== Segment start ==

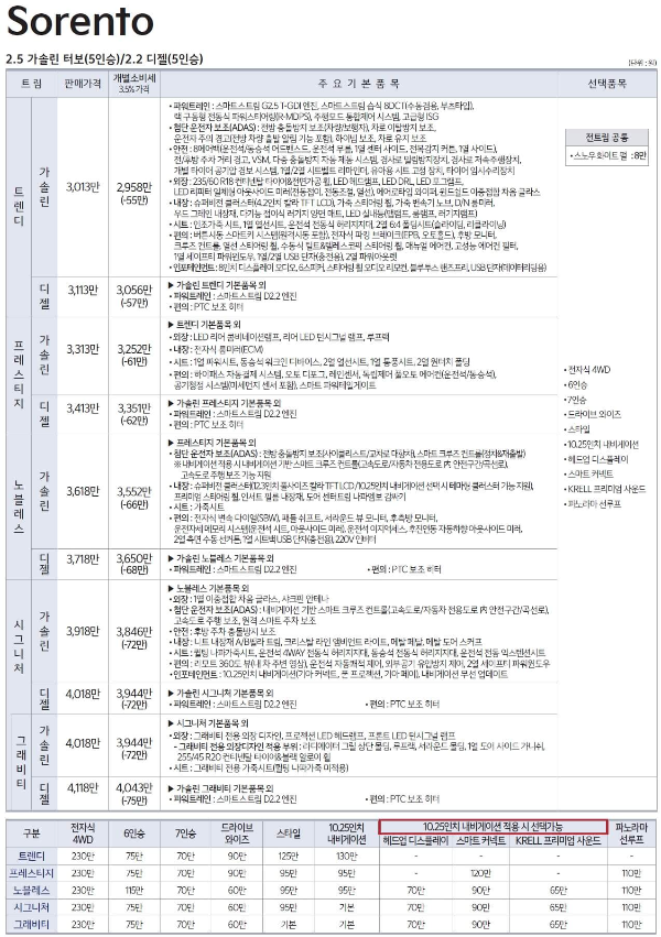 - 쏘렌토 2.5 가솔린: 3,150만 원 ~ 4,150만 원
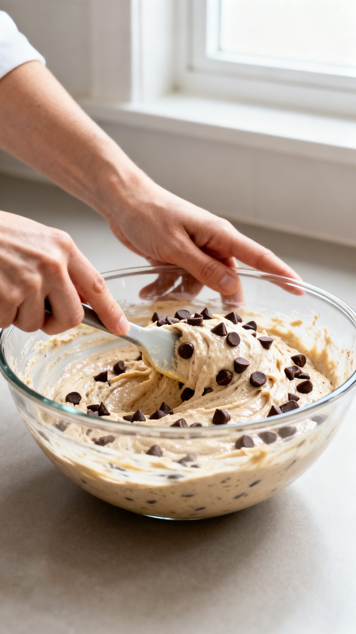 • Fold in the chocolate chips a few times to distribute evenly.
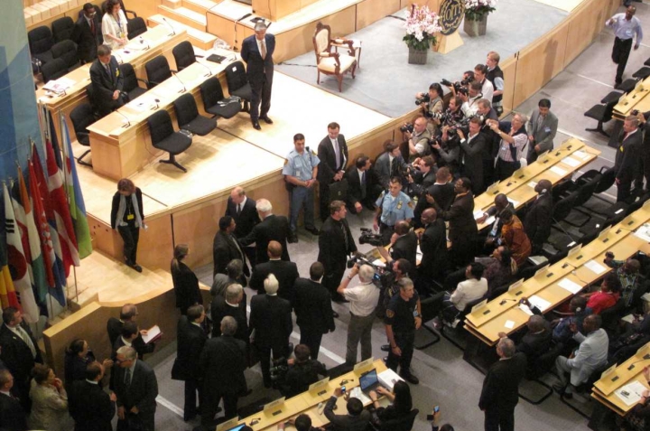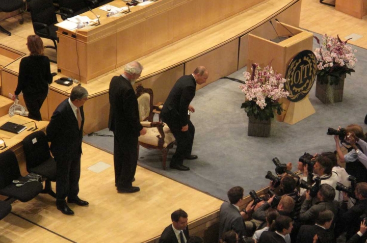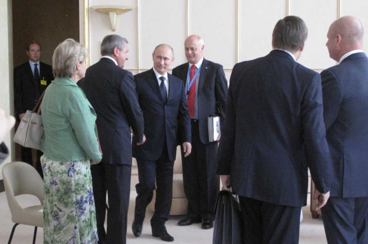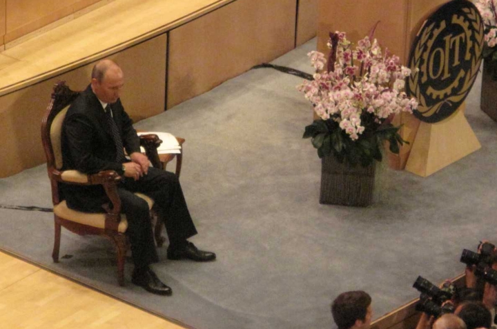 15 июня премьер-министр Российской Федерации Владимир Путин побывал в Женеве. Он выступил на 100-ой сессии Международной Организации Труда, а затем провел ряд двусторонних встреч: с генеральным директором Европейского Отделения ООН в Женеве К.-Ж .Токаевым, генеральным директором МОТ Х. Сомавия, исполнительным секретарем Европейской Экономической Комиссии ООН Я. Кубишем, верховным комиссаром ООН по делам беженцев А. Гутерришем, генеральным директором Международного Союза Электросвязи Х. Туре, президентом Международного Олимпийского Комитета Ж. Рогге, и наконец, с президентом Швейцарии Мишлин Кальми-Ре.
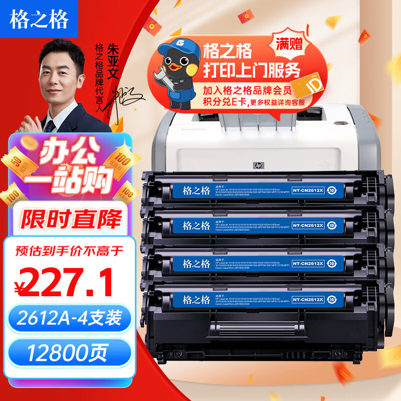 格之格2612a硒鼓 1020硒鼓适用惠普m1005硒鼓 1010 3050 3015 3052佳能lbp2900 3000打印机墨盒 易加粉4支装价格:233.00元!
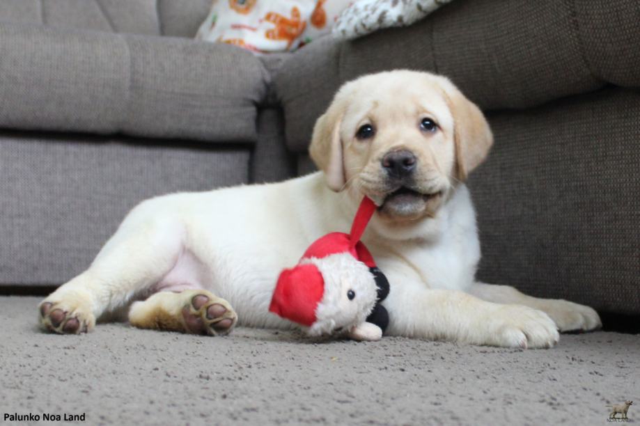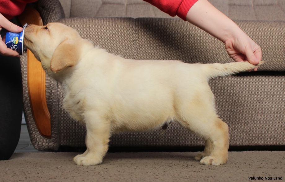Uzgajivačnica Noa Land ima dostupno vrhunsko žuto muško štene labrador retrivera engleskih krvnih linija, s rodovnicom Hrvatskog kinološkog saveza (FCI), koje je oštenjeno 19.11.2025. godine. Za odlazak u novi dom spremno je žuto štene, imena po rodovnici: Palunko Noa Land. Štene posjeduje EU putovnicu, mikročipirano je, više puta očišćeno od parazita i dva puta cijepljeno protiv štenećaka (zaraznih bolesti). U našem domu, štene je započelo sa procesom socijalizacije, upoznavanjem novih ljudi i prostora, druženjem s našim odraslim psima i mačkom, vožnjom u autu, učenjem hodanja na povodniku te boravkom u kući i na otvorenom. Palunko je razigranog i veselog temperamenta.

== Segment end ==

> _WHAT NEEDS TO BE DONE_
Copy the lines of the records, beginning where the line containing "格之格2612a硒鼓 1020硒鼓适用惠普m1005硒鼓 1010" appears and continuing through the final line, exactly and with no pictures.

> _TASK OUTPUT_
 格之格2612a硒鼓 1020硒鼓适用惠普m1005硒鼓 1010 3050 3015 3052佳能lbp2900 3000打印机墨盒 易加粉4支装价格:233.00元!
Uzgajivačnica Noa Land ima dostupno vrhunsko žuto muško štene labrador retrivera engleskih krvnih linija, s rodovnicom Hrvatskog kinološkog saveza (FCI), koje je oštenjeno 19.11.2025. godine. Za odlazak u novi dom spremno je žuto štene, imena po rodovnici: Palunko Noa Land. Štene posjeduje EU putovnicu, mikročipirano je, više puta očišćeno od parazita i dva puta cijepljeno protiv štenećaka (zaraznih bolesti). U našem domu, štene je započelo sa procesom socijalizacije, upoznavanjem novih ljudi i prostora, druženjem s našim odraslim psima i mačkom, vožnjom u autu, učenjem hodanja na povodniku te boravkom u kući i na otvorenom. Palunko je razigranog i veselog temperamenta.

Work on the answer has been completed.